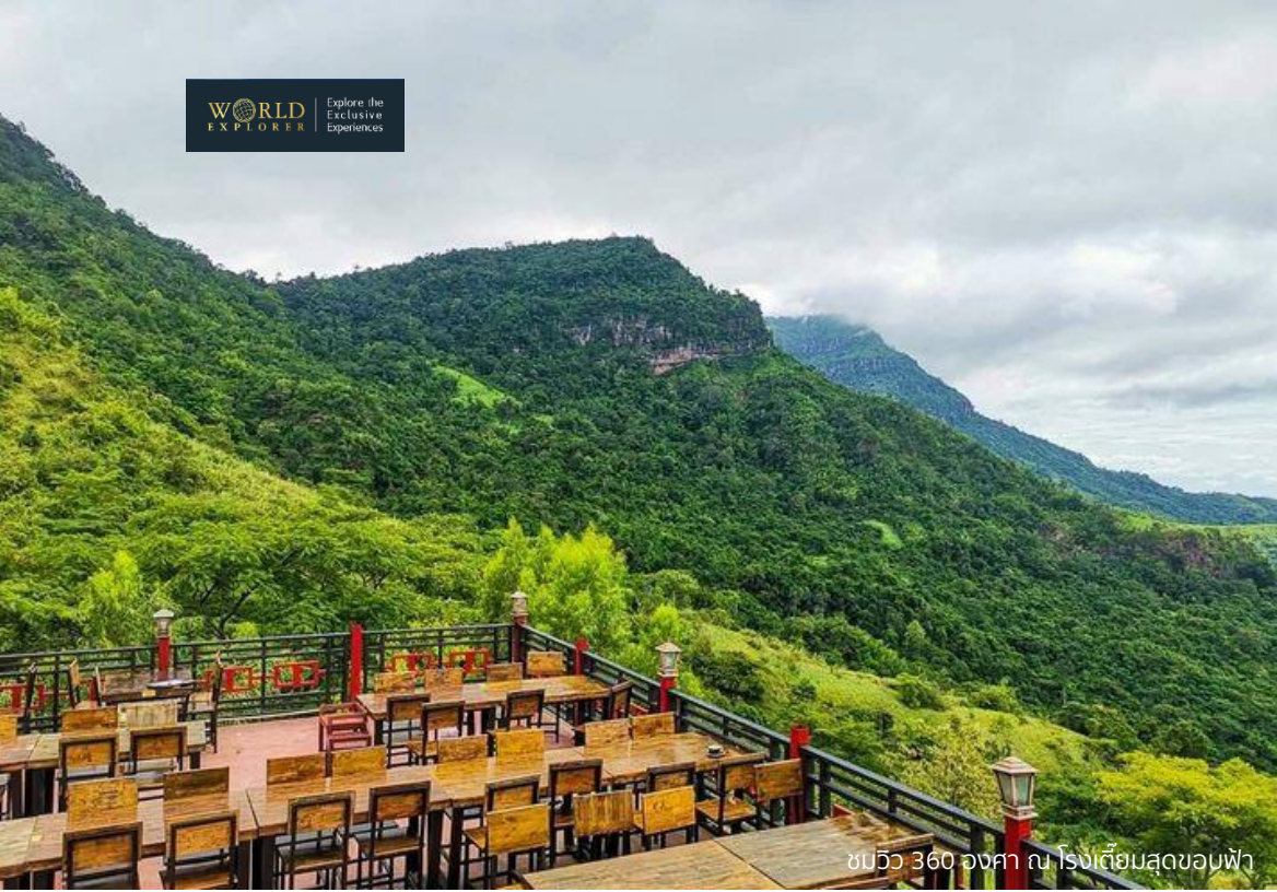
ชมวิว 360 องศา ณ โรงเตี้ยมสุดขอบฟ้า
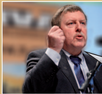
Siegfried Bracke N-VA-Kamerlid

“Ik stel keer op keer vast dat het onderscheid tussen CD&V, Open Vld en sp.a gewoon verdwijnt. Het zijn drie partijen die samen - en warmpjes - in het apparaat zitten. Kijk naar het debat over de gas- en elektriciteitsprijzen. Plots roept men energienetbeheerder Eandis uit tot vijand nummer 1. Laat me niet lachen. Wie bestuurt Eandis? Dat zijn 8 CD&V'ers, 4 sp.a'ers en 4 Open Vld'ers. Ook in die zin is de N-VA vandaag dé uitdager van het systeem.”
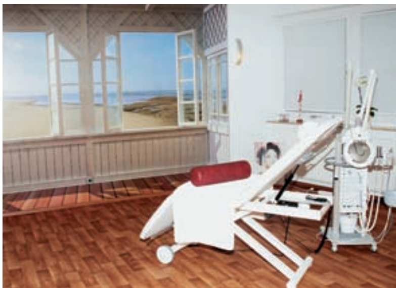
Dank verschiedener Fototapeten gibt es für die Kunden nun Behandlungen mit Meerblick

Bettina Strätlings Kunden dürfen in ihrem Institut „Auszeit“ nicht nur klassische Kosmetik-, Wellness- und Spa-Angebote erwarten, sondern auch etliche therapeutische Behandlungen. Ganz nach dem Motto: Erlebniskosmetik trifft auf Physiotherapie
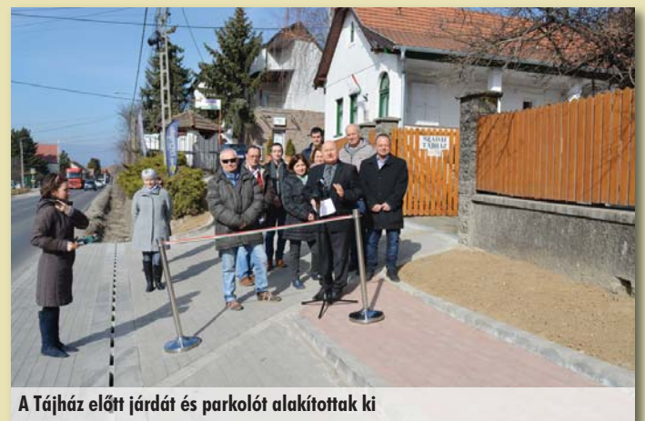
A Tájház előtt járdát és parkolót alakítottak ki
# # # # # # #
**Required work:** Exact reproduction is required. Output only the lines from the one with "Dank verschiedener Fototapeten" through the end of the listing above, both ends included, and no pictures.

**Solution to the exercise:**
Dank verschiedener Fototapeten gibt es für die Kunden nun Behandlungen mit Meerblick

Bettina Strätlings Kunden dürfen in ihrem Institut „Auszeit“ nicht nur klassische Kosmetik-, Wellness- und Spa-Angebote erwarten, sondern auch etliche therapeutische Behandlungen. Ganz nach dem Motto: Erlebniskosmetik trifft auf Physiotherapie
A Tájház előtt járdát és parkolót alakítottak ki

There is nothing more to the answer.